* [WHAT YOU ARE ASKED TO DO]: Return all of the data exactly as written, without the pictures.

DATA PROVIDED below:

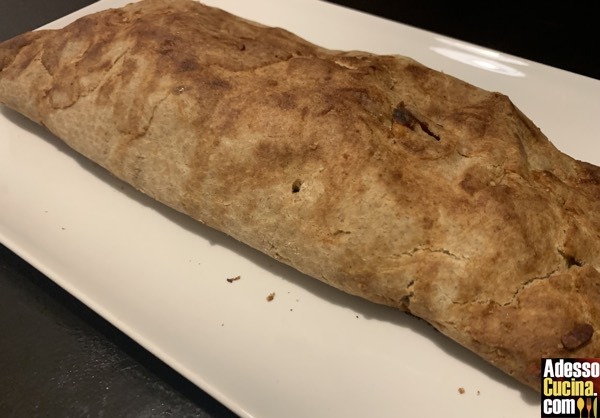 Fare una sfoglia sottile e sistemare sopra tutti gli ingredienti della farcitura, spolverizzarla di zucchero ed arrotolarla su se stessa. Mettere in forno, su una placca foderata con carta forno a 200°C
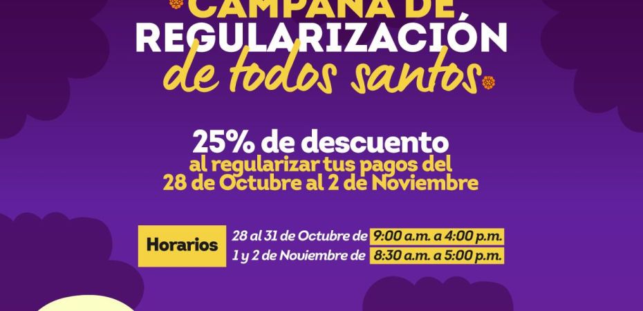 El Gobierno de Apizaco dio a conocer la campaña de regularización de Todos los Santos, que consiste en un descuento del 25 por ciento en predios del Panteon Municipal, del 28 de octubre al 2 de noviembre
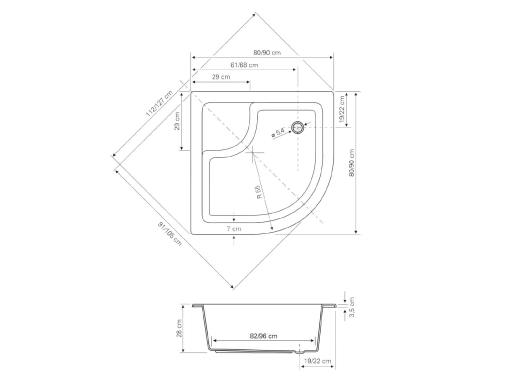 Sprchová vanička akrylátová, čtvrtkruh 80x80x28cm, včetně nožiček, R550
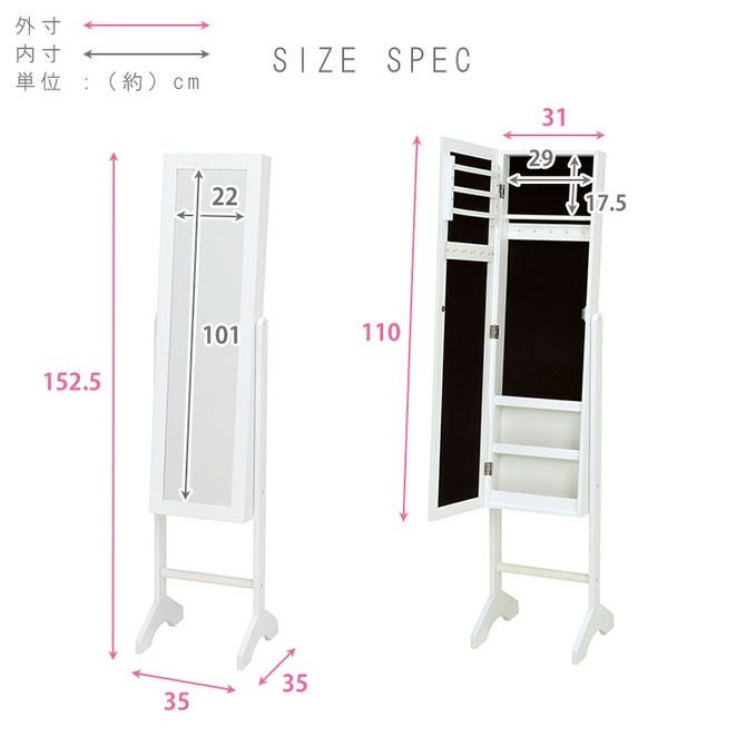 ジュエリーBOXと全身鏡の1台2役
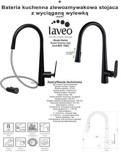 - BATERIA ZLEWOZMYWAKOWA STOJĄCA Z WYCIĄGANĄ WYLEWKĄ LAVEO NALDA W KOLORZE CZARNY MAT
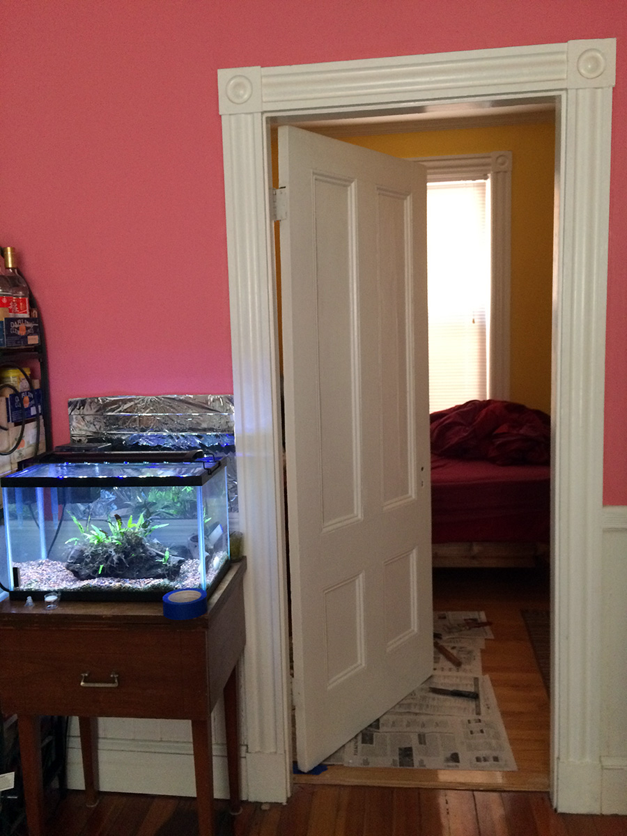 i returned home after dinner. with no more work on the guest bedroom door, i started cleaning up, throwing away the newspaper on the floor, and removing the few pieces of tape on the ground. now it's mostly superficial cleaning, like reorganizing the inside of the fridge and cabinets, and decluttering the kitchen and living room.

End of DATA PROVIDED.

* [SOLUTION FOR THIS PROBLEM]:
 Fare una sfoglia sottile e sistemare sopra tutti gli ingredienti della farcitura, spolverizzarla di zucchero ed arrotolarla su se stessa. Mettere in forno, su una placca foderata con carta forno a 200°C
 El Gobierno de Apizaco dio a conocer la campaña de regularización de Todos los Santos, que consiste en un descuento del 25 por ciento en predios del Panteon Municipal, del 28 de octubre al 2 de noviembre
 Sprchová vanička akrylátová, čtvrtkruh 80x80x28cm, včetně nožiček, R550
 ジュエリーBOXと全身鏡の1台2役
 - BATERIA ZLEWOZMYWAKOWA STOJĄCA Z WYCIĄGANĄ WYLEWKĄ LAVEO NALDA W KOLORZE CZARNY MAT
 i returned home after dinner. with no more work on the guest bedroom door, i started cleaning up, throwing away the newspaper on the floor, and removing the few pieces of tape on the ground. now it's mostly superficial cleaning, like reorganizing the inside of the fridge and cabinets, and decluttering the kitchen and living room.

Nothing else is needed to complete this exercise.